### REQUIREMENT
Write out the lines of the material below exactly, beginning at the line with "1年生と2から6年生の交流を" and stopping after the line with "The Epomaker HE75", and leave out the pictures.

### RECORD EXTRACTS
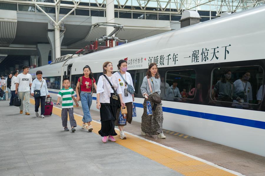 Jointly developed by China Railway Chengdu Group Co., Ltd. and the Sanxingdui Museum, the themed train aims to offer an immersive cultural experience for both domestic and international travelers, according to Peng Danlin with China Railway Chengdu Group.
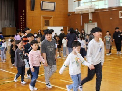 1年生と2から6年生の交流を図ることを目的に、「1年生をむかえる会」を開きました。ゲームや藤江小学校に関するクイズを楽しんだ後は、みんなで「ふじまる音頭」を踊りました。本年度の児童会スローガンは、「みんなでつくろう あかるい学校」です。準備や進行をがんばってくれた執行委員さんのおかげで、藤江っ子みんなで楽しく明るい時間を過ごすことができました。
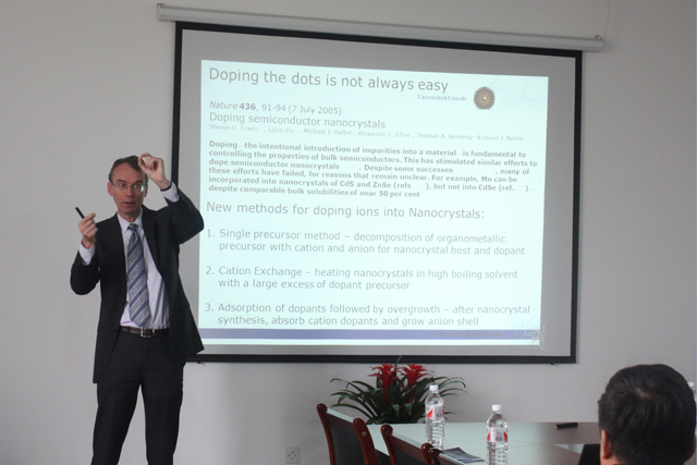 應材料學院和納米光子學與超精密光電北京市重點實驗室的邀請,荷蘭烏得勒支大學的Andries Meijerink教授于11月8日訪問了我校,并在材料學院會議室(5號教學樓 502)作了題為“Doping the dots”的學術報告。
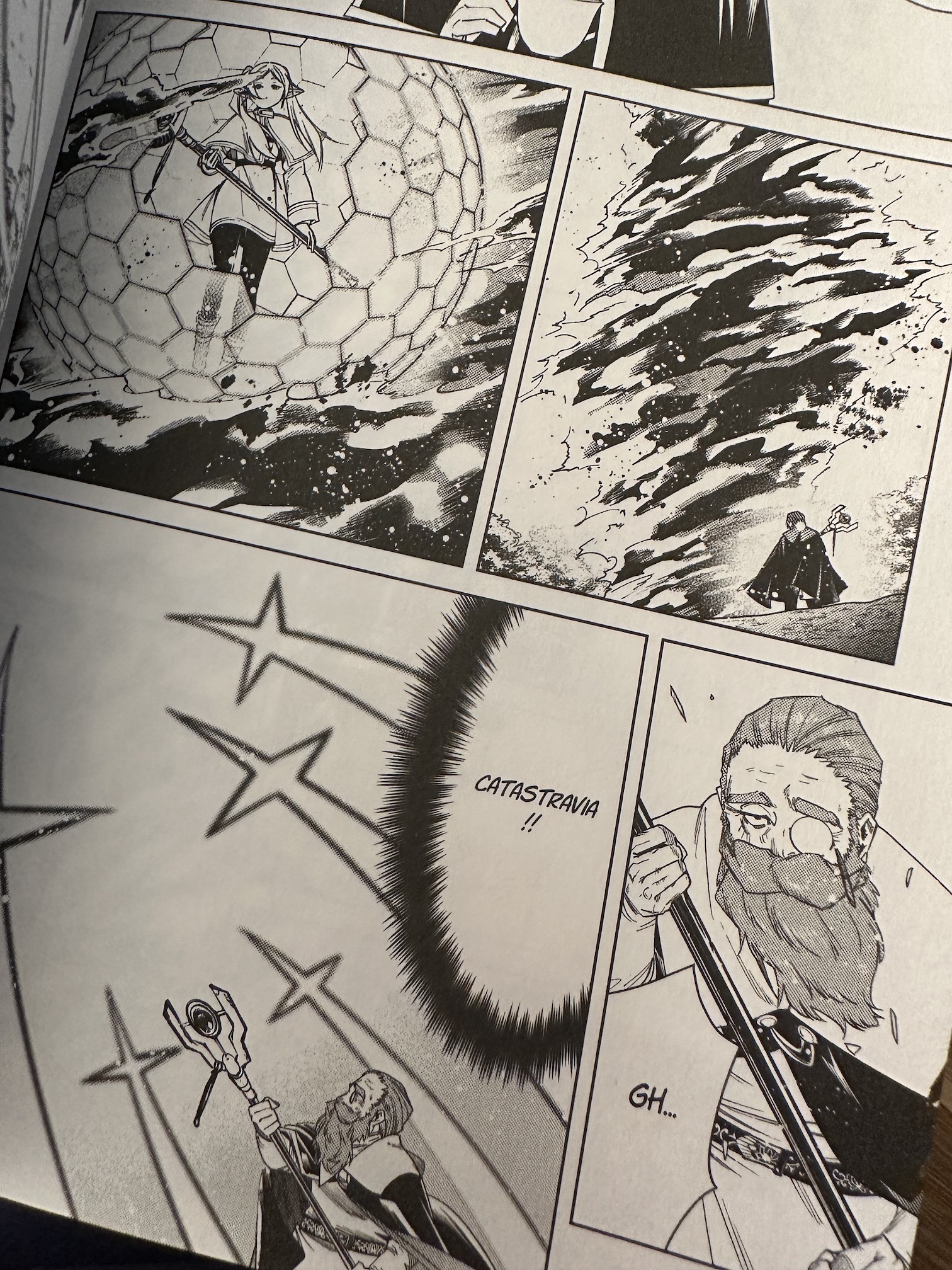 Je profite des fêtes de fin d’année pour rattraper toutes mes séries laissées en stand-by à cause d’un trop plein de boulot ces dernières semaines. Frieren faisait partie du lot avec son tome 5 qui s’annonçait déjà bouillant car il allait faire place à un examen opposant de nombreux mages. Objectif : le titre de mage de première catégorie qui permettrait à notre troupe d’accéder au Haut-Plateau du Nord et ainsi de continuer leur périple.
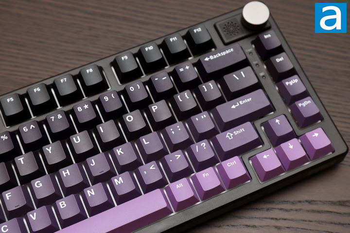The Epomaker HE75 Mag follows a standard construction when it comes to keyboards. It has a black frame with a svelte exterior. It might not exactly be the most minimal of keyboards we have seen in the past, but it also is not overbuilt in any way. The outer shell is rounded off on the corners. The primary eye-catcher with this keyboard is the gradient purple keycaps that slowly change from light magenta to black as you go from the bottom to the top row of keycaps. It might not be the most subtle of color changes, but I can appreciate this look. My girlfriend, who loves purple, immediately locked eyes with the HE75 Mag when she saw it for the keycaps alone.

--

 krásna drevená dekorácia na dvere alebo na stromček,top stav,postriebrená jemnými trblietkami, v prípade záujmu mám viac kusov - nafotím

### FINAL ANSWER
 1年生と2から6年生の交流を図ることを目的に、「1年生をむかえる会」を開きました。ゲームや藤江小学校に関するクイズを楽しんだ後は、みんなで「ふじまる音頭」を踊りました。本年度の児童会スローガンは、「みんなでつくろう あかるい学校」です。準備や進行をがんばってくれた執行委員さんのおかげで、藤江っ子みんなで楽しく明るい時間を過ごすことができました。
 應材料學院和納米光子學與超精密光電北京市重點實驗室的邀請,荷蘭烏得勒支大學的Andries Meijerink教授于11月8日訪問了我校,并在材料學院會議室(5號教學樓 502)作了題為“Doping the dots”的學術報告。
 Je profite des fêtes de fin d’année pour rattraper toutes mes séries laissées en stand-by à cause d’un trop plein de boulot ces dernières semaines. Frieren faisait partie du lot avec son tome 5 qui s’annonçait déjà bouillant car il allait faire place à un examen opposant de nombreux mages. Objectif : le titre de mage de première catégorie qui permettrait à notre troupe d’accéder au Haut-Plateau du Nord et ainsi de continuer leur périple.
The Epomaker HE75 Mag follows a standard construction when it comes to keyboards. It has a black frame with a svelte exterior. It might not exactly be the most minimal of keyboards we have seen in the past, but it also is not overbuilt in any way. The outer shell is rounded off on the corners. The primary eye-catcher with this keyboard is the gradient purple keycaps that slowly change from light magenta to black as you go from the bottom to the top row of keycaps. It might not be the most subtle of color changes, but I can appreciate this look. My girlfriend, who loves purple, immediately locked eyes with the HE75 Mag when she saw it for the keycaps alone.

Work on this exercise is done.